Aux côtés d’Hannibal Mejbri, il a été l’une des très rares éclaircies dans un collectif tunisien en grande difficulté. Sa justesse dans les prises d’initiative et son volume d’efforts ont tranché avec l’apathie générale.
Pour la suite, et dès le prochain et décisif match de poules face à la Tanzanie, il serait pertinent de lui accorder davantage de responsabilités, au lieu de le cantonner à un simple rôle de supersub. Au vu de son impact, Sébastian Tounekti a clairement les arguments pour débuter dans le onze de départ. La méritocratie, seule, devrait dicter ce choix.
Sami Trabelsi {sélectionneur} (3):
Faillite tactique de la Tunisie face au Nigéria : une accumulation d’erreurs
La Tunisie a trop respecté le Nigéria, jouant le match en fonction de l’adversaire plutôt qu’en imposant son propre football. Ce complexe de supériorité adverse s’est traduit par une équipe trop passive, un bloc bas et un excès de prudence, laissant Osimhen et ses coéquipiers exploiter les espaces avec une facilité déconcertante.
La gestion du groupe par le staff reste incompréhensible. Aligner presque le même onze sans rotation, malgré un rythme soutenu, interroge : pourquoi un joueur comme Tounekti doit-il entrer seulement en cours de match ? Pourquoi un cadre confirmé comme Mohammed Haj Mahmoud reste-t-il sur le banc ? La sélection semble moins guidée par le mérite que par un choix arbitraire, au détriment de la fraîcheur et de l’efficacité collective.

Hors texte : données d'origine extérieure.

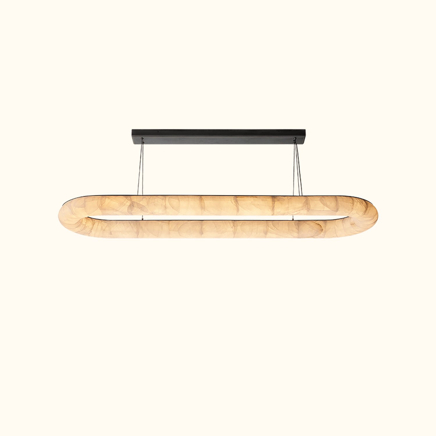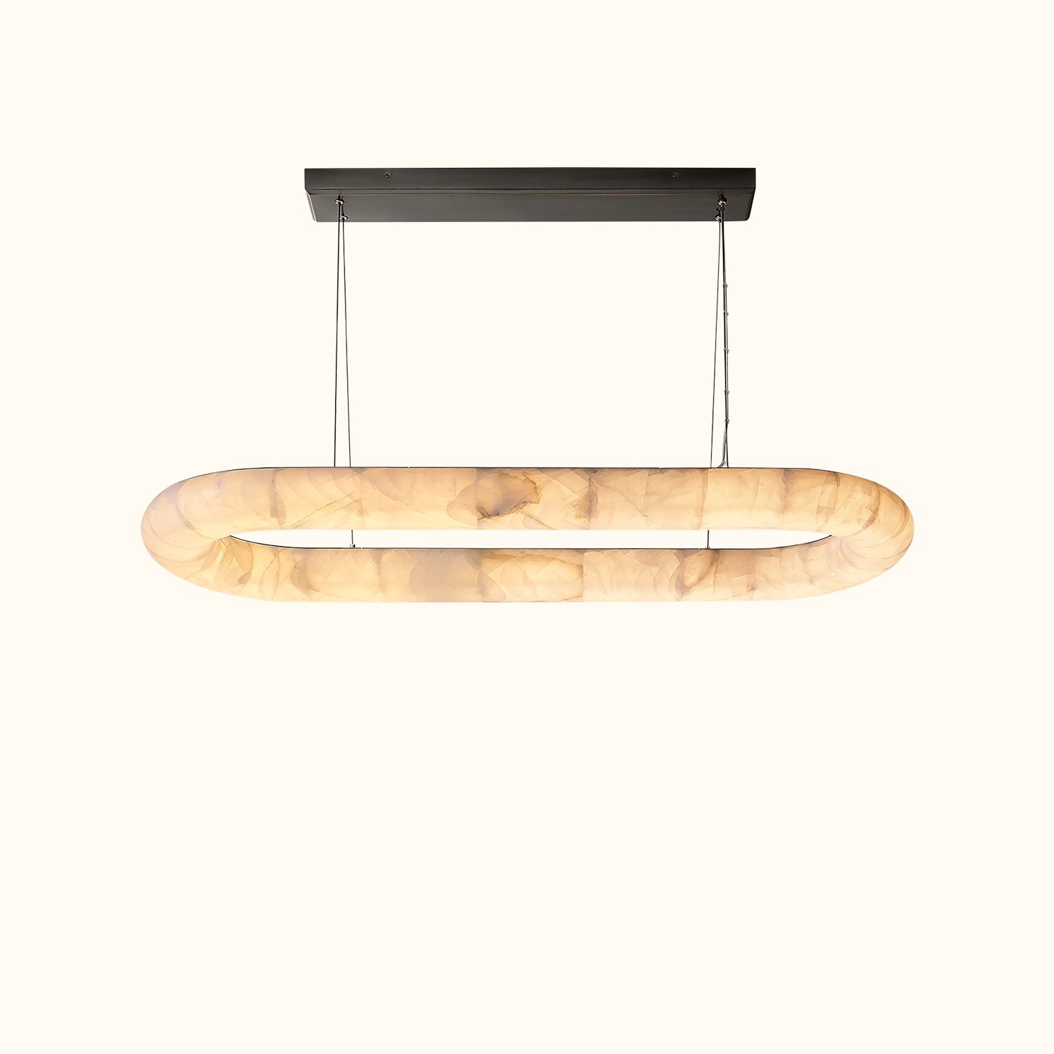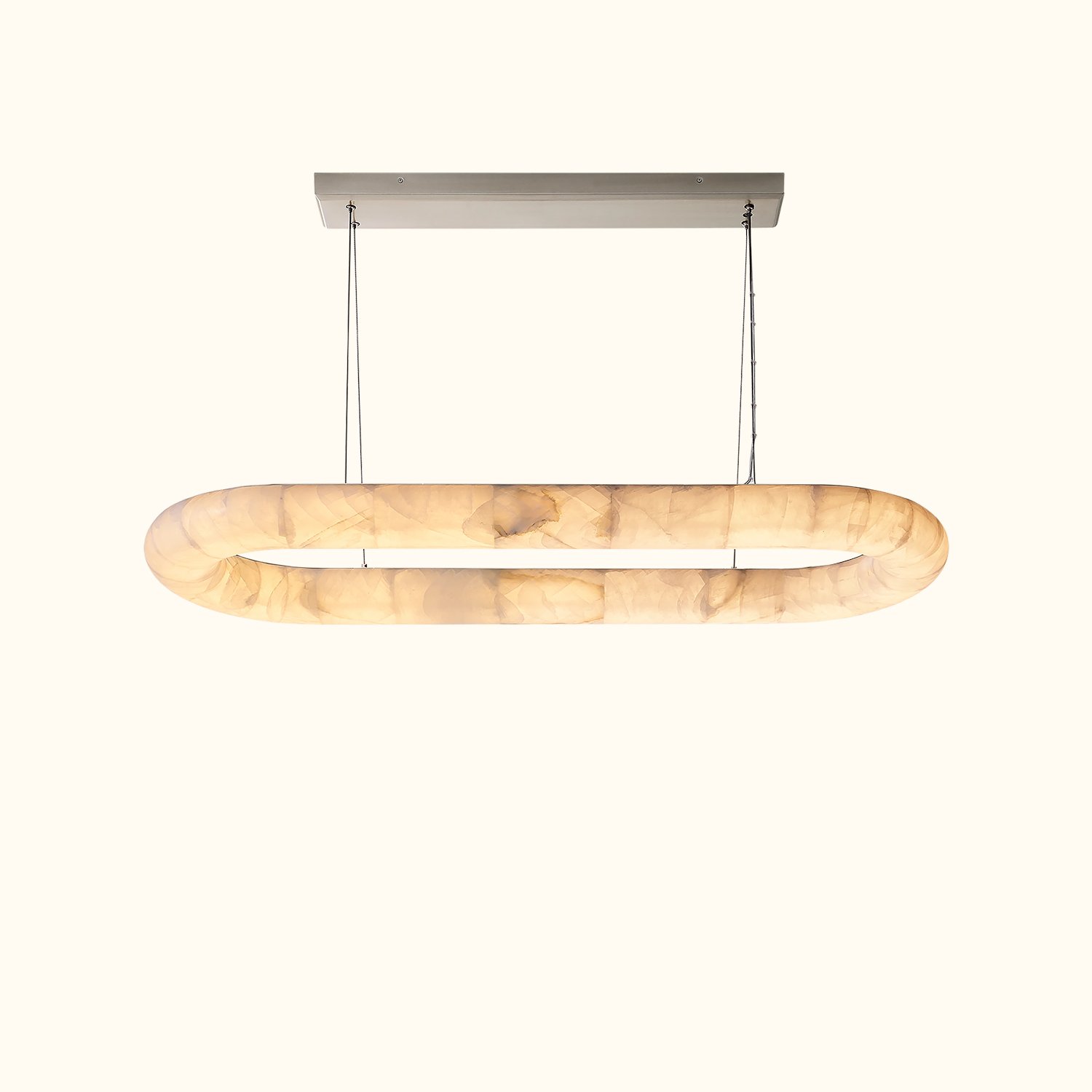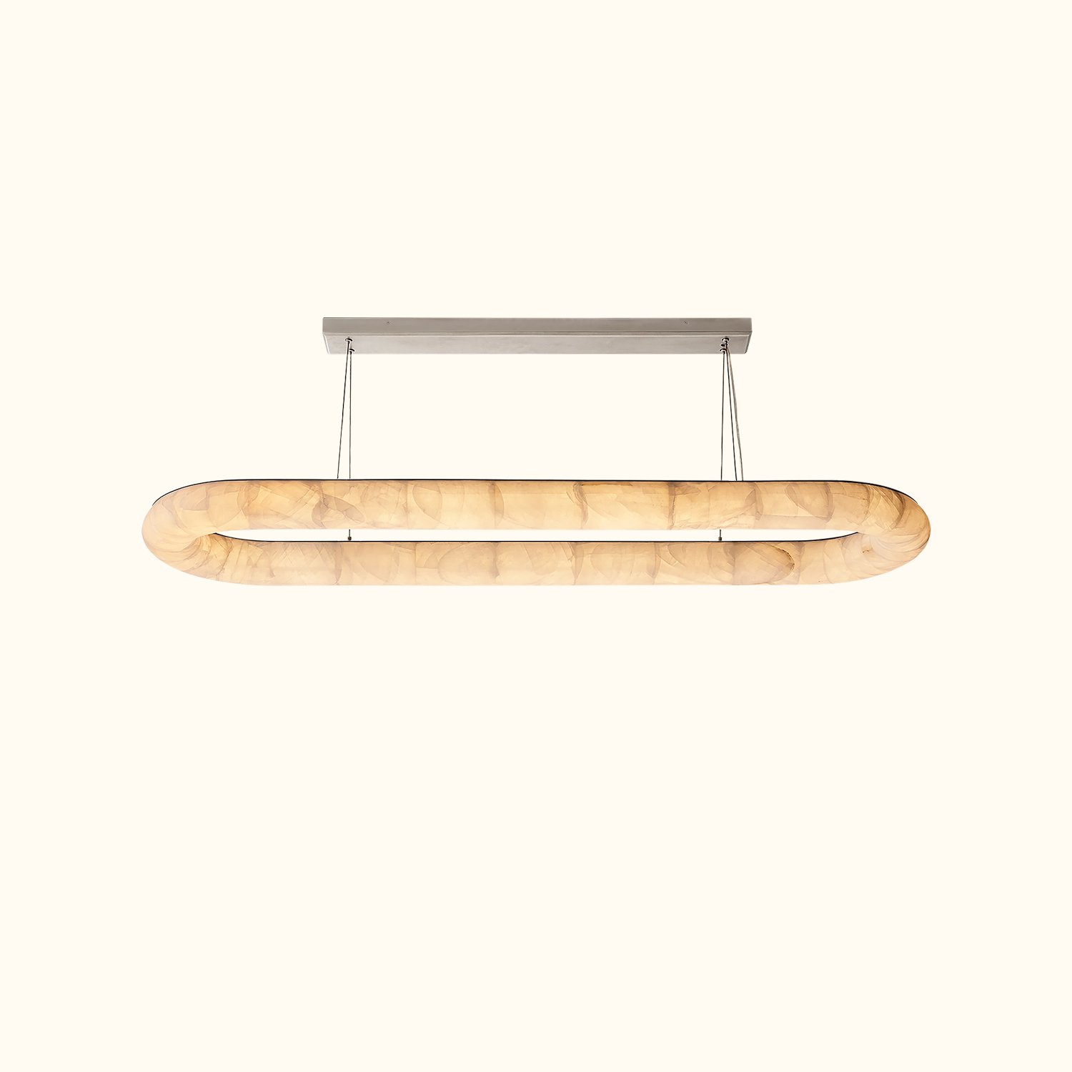 Our Rivage Lisse chandelier features an ultra-minimalist design with a striking effect, celebrating the beauty of calcite, a translucent stone that emits a warm, natural glow. The polished stone ring hangs from slender steel cables and is meticulously assembled to create a smooth, continuous surface, while the subtle internal lighting highlights the organic colors and textures. Each fixture is a unique statement.

Le problème ne se limite pas aux choix individuels : le rôle attribué à Ferjani Sassi en tant que deuxième milieu récupérateur est dépassé tactiquement, et persister à aligner Mohamed Ali Ben Romdhane, quel que soit son état de forme, fragilise l’équilibre. Les cadres, eux, n’ont pas su prendre leurs responsabilités pour rectifier les déséquilibres, notamment sur le côté gauche constamment attaqué.
En bouleversant le système et en envoyant un message de prudence, le staff a généré un excès de respect qui a paralysé l’équipe dès l’entame. Résultat : un plan tactique neutralisé, sans ajustement, et une Tunisie qui a fini par subir plutôt que jouer.